# What this task involves
Using the material below, print the line that contains "Jekleni stenski TV", the line that contains "Sexy Fashion 2", and every line in between, exactly and nothing else.

# Supplied material
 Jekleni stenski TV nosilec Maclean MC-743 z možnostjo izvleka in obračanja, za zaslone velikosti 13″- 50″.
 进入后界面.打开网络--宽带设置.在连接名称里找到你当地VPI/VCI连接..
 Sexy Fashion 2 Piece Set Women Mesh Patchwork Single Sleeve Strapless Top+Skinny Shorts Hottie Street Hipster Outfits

---

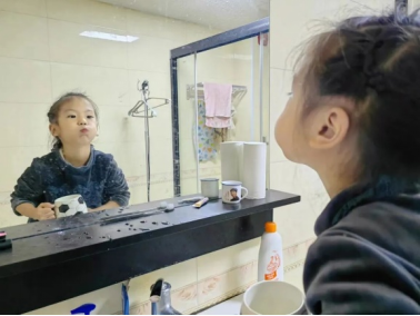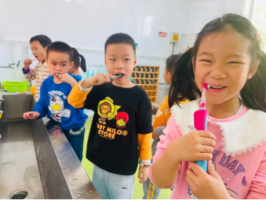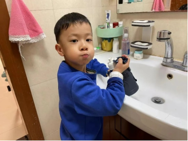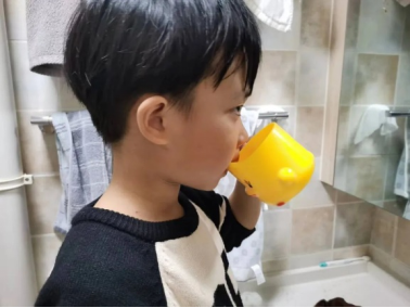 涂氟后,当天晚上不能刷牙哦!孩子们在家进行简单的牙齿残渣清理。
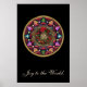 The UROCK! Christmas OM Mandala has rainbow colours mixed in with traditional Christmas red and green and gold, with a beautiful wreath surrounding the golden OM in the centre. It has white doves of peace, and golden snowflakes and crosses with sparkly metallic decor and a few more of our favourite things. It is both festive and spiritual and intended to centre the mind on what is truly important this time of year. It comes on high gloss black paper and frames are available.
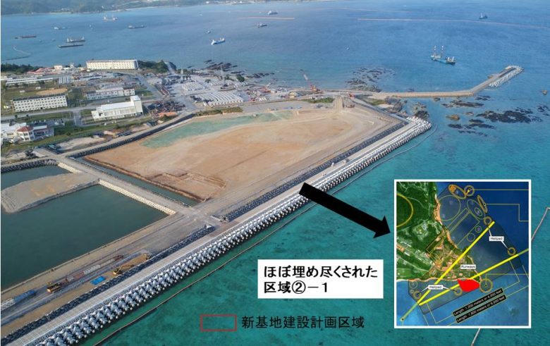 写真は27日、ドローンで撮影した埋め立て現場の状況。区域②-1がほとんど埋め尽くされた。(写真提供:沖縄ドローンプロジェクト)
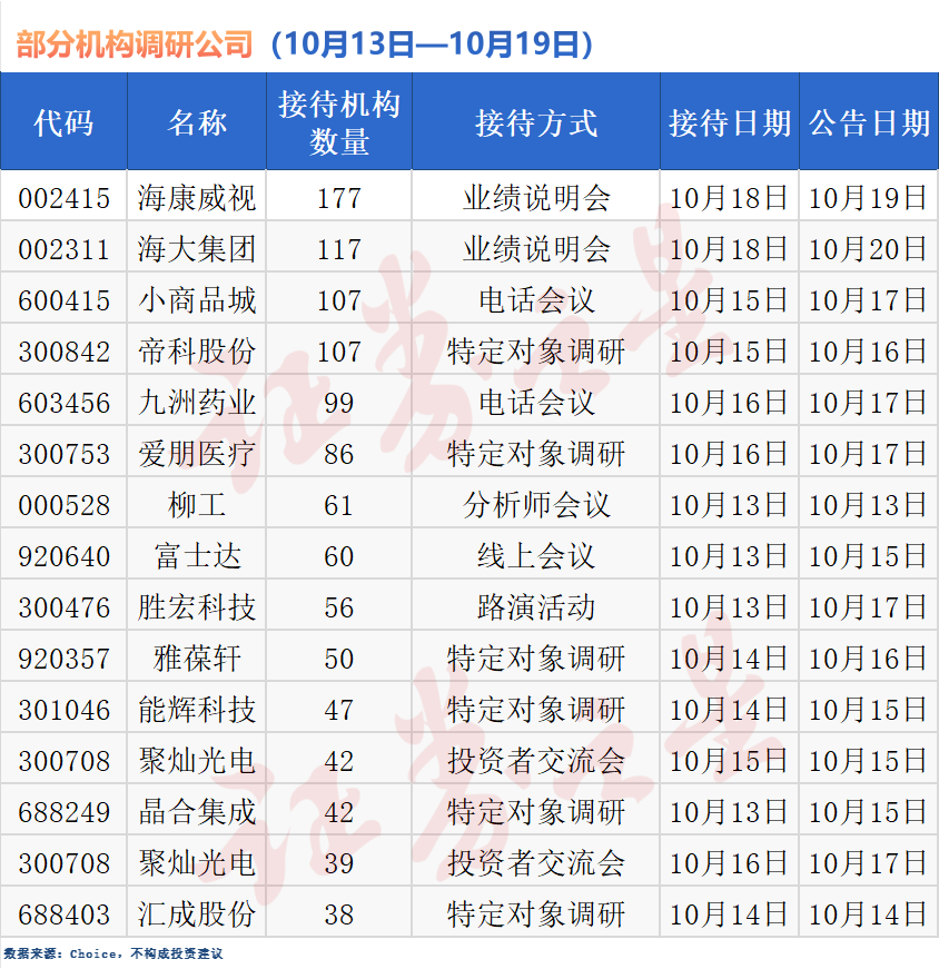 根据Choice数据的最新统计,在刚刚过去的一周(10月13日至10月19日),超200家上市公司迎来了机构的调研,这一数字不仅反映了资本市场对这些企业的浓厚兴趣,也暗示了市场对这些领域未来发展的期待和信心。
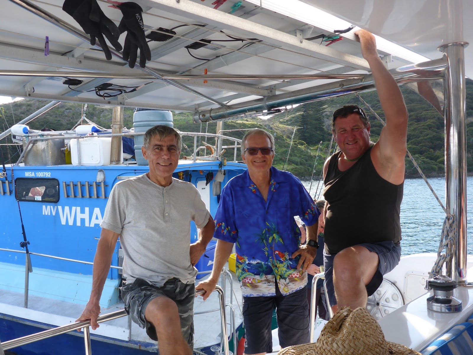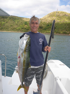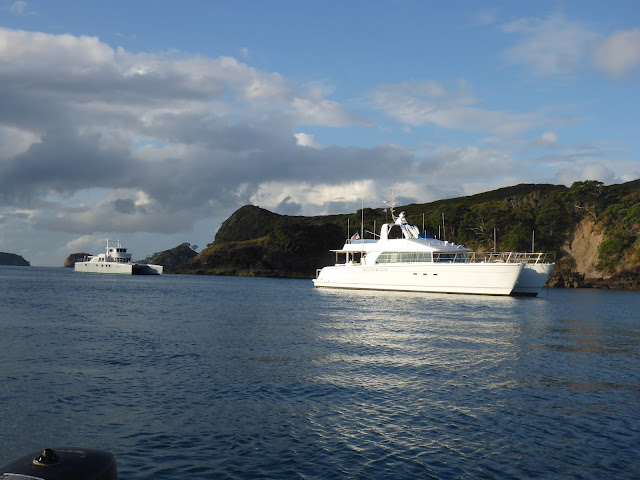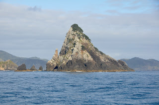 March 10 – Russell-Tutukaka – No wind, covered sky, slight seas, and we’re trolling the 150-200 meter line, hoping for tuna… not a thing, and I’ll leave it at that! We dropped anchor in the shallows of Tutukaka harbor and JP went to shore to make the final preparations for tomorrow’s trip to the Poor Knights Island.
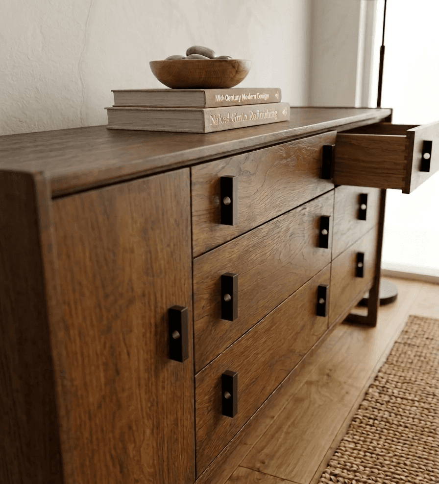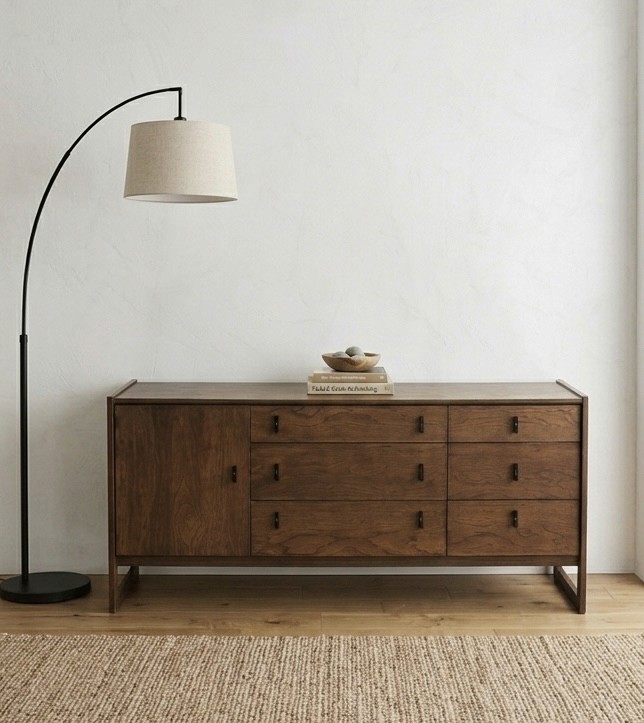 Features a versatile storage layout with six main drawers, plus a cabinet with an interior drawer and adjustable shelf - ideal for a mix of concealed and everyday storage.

# Result for this task
 Jekleni stenski TV nosilec Maclean MC-743 z možnostjo izvleka in obračanja, za zaslone velikosti 13″- 50″.
 进入后界面.打开网络--宽带设置.在连接名称里找到你当地VPI/VCI连接..
 Sexy Fashion 2 Piece Set Women Mesh Patchwork Single Sleeve Strapless Top+Skinny Shorts Hottie Street Hipster Outfits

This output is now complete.